§ **What you need to do**
From the listing below, reproduce exactly the lines starting with the one with "キャスター(2輪または4輪)" and going on through the one with "舞台は1850年アメリカ西部", both ends kept. No picture is copied.

+ + +

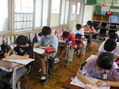 7/2(金)12 公開日 2021/07/02 更新日 2021/07/02 全校 6年算数です。分数の割り算の復習問題に取り組んでいます。学習したことがどれだけ身についているかを確かめる大事な時間です。
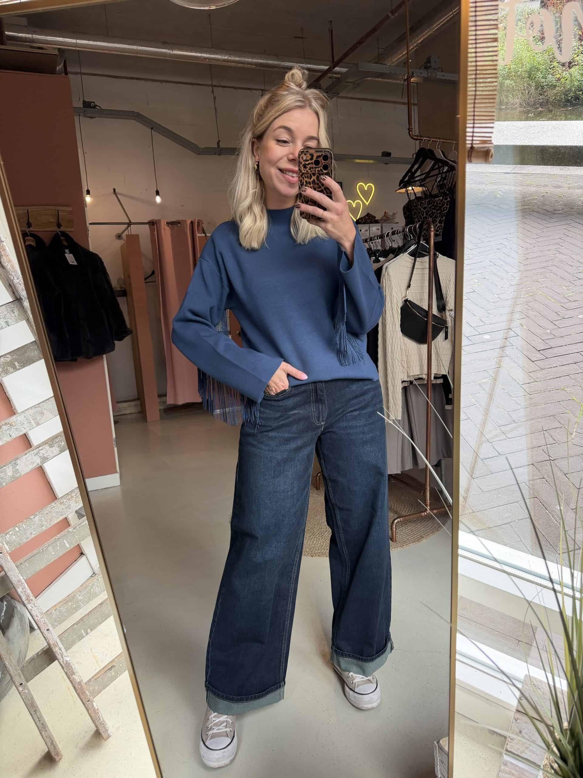 Een toffe trui met turtleneck en fringe. Ook nog in een mooie blauwe kleur die goed gaat op bruin, spijker en beige.
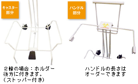 キャスター(2輪または4輪)をつけることができます。キャスター装着するとハンドルも当然、必要となりますのでキャスター+ハンドルの装備をオプションで付ける事ができます。(有料となります)
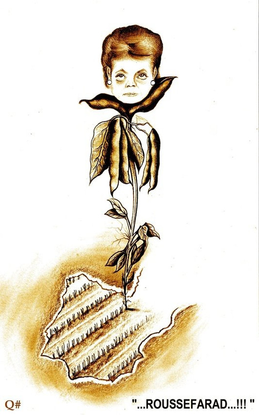 * "...ROUSSEFARAD...!!!" -Obra a lápiz grafito/papel reciclado © Q#-QUIMÉRICAS-El Humor Criptográfico de Quim Paneque- Q#tags: rousseff,rousseau,eau,agua,cultivar,raíces,francia,judía,españa,sefarad,arar,orar,exilio...
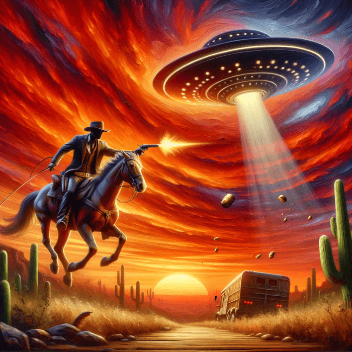 舞台は1850年アメリカ西部開拓時代。ゴールドラッシュに沸くテキサスタウンを襲撃したUFOに対抗するための装備を買って戦いに挑め!
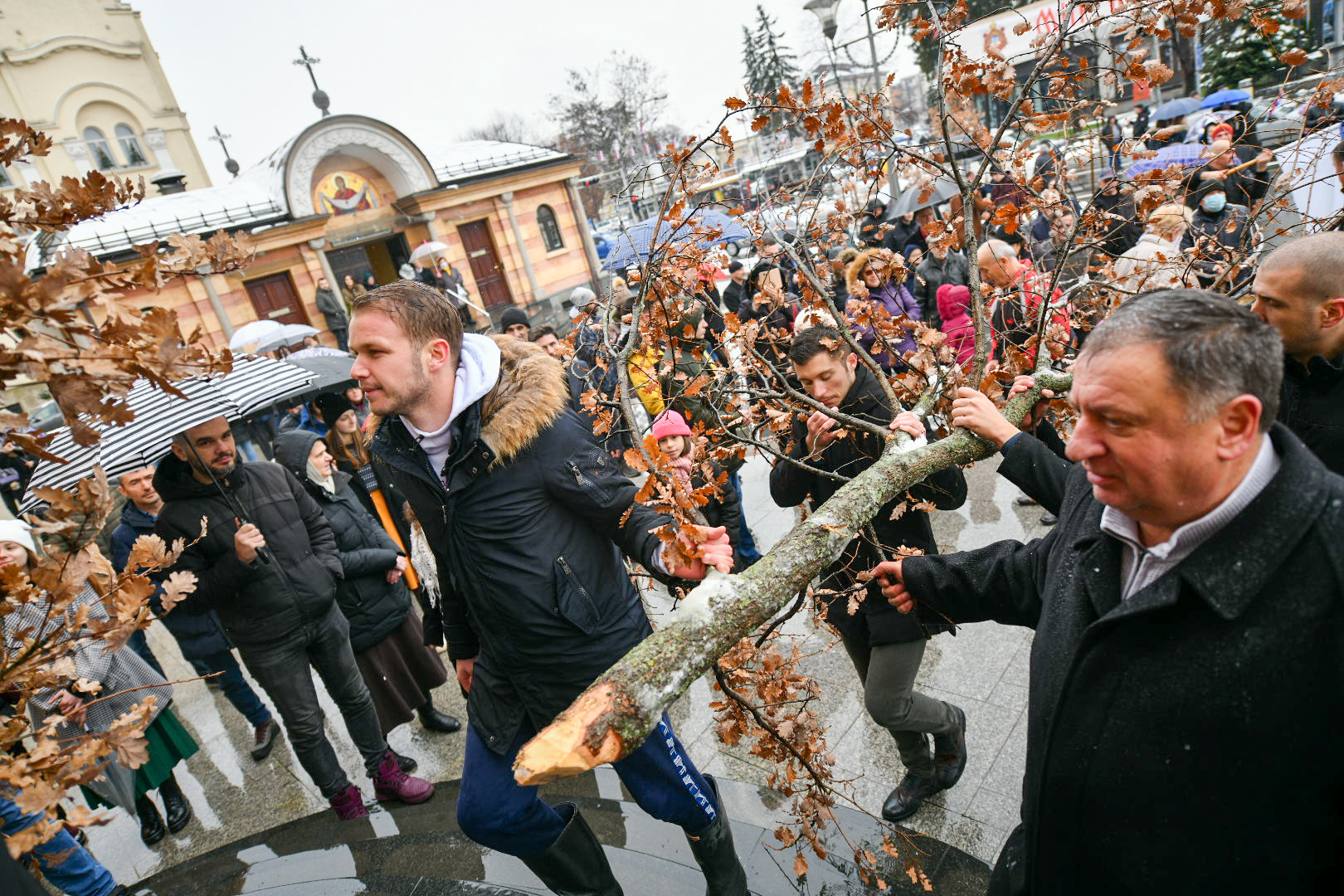 Centralnom gradskom ulicom, kako nalažu vjera, tradicija i običaji, na konjskoj kočiji do Sabornog Hrama Hrista Spasitelja, prošla je povorka sa badnjakom.

+ + +

§ **Written solution**
 キャスター(2輪または4輪)をつけることができます。キャスター装着するとハンドルも当然、必要となりますのでキャスター+ハンドルの装備をオプションで付ける事ができます。(有料となります)
 * "...ROUSSEFARAD...!!!" -Obra a lápiz grafito/papel reciclado © Q#-QUIMÉRICAS-El Humor Criptográfico de Quim Paneque- Q#tags: rousseff,rousseau,eau,agua,cultivar,raíces,francia,judía,españa,sefarad,arar,orar,exilio...
 舞台は1850年アメリカ西部開拓時代。ゴールドラッシュに沸くテキサスタウンを襲撃したUFOに対抗するための装備を買って戦いに挑め!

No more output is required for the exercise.